What about pure research? PicaX for example? Suppose we all agree it’s a good thing that otherwise would not exist? Is it only available to SpaceX? It was derived from Pica and SpaceX did developed it further just as Bigelow has further developed inflatable technology.
Government should not be a jobs program which again is corruption. Better use of money would be to fund research at universities which would be available to all. SpaceX could still have PicaX but it would have happened by hiring graduates that had a part in that research. More important, other graduates could be taken up by competing companies. Doing it the way we have decreases competition which is not a good thing. Those engineers should not be ‘externs.’ They should be part of the regular work force.
Ken, with respect, I think you entirely missed Jon’s points. He’s not talking about picking winners and losers or generating corruption; he’s talking about finding a way to keep NASA folks current that also doesn’t compete with the private sector. I think his concept of externs is a good one, especially for new NASA engineers (who are also the most likely to not be tied down yet personally, able to spend 6 months to a year or so seconded to a company, etc.)
Pica-X – the material, and just as importantly, the system for producing it that Dan Rasky helped Space-X with – did not come from grad students (or at least not primarily; there may have been some involved). “SpaceX could still have Pica-X” without Ames, Dan, etc. is simply not true.
One problem, of course, is finding a leader, like a Center director, who will fight to fund such a thing on a more than trivial scale. Dan spent the better part of a year physically present at Space-X — at Space-Xs expense, by the way. They had a specific, long-term vision and need and the will to pay for it. The type of thing you are suggesting, Jon, would realistically only work on a no-exchange of funds basis; i.e., NASA pays the travel and salary/benefits et al for each and every engineer.
Your point, I think, is that that might not necessarily be any ‘cheaper’ than the fully-burdened, full-cost accounting way of doing the Morhpeus’s et al in house now – and I think you may be right. However, logic only goes so far inside a bureaucracy (which is what NASA is: an over-50 year old bureaucracy; even older for some Centers, like mine). The increase in Center travel funds alone to fund such a thing on more than a minuscule level is not a bureaucratically trivial thing to get; and requires a determined senior lead to doggedly sell it. I don’t know if we have that, anywhere, now; though I could be wrong.
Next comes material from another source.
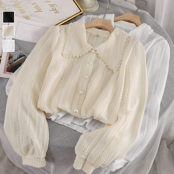 大きな襟とあしらったフェイクパールがポイントになったブラウス

I agree with your whole premise, however; and in fact, I suggested such a thing years ago (without having the smarts to coin the word “externships”) when I was head of my Center’s Engineering divisions (never got anywhere ’cause couldn’t get the additional travel monies). But, right now, my Center happens to be asking for ‘training needs input’ from folks; I’m going to see if somehow at least I can pulse the system again and see what sort of a response I get back from it.
In reality, since training is done Center-by-Center, such a thing would seem to have to be implemented Center by Center; but then again, you run into the money thing, if one Center sticks its neck out. Ideally, it could come from somewhere like a line item in the (small!) NASA HQ Chief Engineer’s budget, dispersed to the Centers; but that would mean he’d have to fight for it. (I’m just musing, now….).
Keep thinking…….
Dave
Dave,
Yeah I imagine it would be something where you’d have one of the mission directorates sponsor the travel costs, and the center would only be covering the wages/benefits. Or, maybe it could be done via partially reimburseable SAAs of some sort, where the company covered some part of the travel costs, but NASA covered the salary/benefits while they were there.
~Jon
He’s not talking about picking winners and losers or generating corruption; he’s talking about finding a way to keep NASA folks current that also doesn’t compete with the private sector.
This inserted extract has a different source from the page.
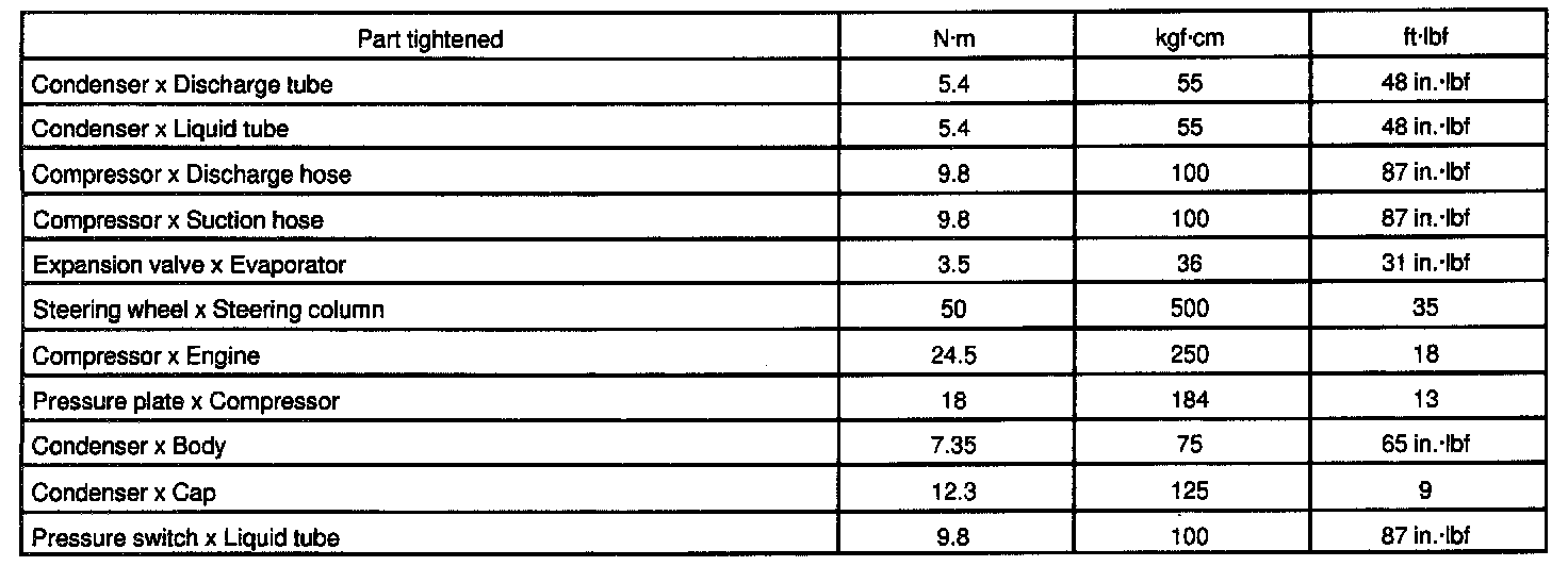 TORQUE SPECIFICATION:

Dave I didn’t miss his point. I was adding to it. Not talking about corruption is part of the problem.
It is not possible for NASA people not to compete with the private sector. Being externs just shifts that competition around a bit.
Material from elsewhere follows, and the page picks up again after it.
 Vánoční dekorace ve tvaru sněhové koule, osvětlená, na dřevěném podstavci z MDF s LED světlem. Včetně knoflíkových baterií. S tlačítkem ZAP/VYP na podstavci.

It’s easy to see benefits that exist. It’s much harder to see detriments that also exist.
Boeing has made it plain that without NASA money there would be no CST-100. Both SpaceX and Sierra Nevada have taken the position they will move forward regardless. Which is healthier for the industry?
You say it’s not about picking winners and losers? But of course it is. Denying corruption exists just makes it flourish.
Dave,
I think what Ken is saying is that if NASA helps Company A by effectively supplying free labour, but doesn’t help Company B, it is gifting Company A with potentially millions of dollars. While NASA gets its engineers broken-in in return, it doesn’t change the fact that which companies do or don’t benefit from that free labour depends on the whim of some bureaucrat within NASA. (A bureaucrat who may be looking for their next job in aerospace…)
Hence if you want to “blood” some young engineers, it may be less corrupting to just throw more money at university post-grad engineering research programs. NASA gets to develop novel ideas, and increases the number of aerospace/materials engineers available; but only has to fund post-grads, which is vastly cheaper than feeding and bedding FTEs in-house. The top 10-15% of engineers will likely be recruited into NASA centres or major NASA contractors.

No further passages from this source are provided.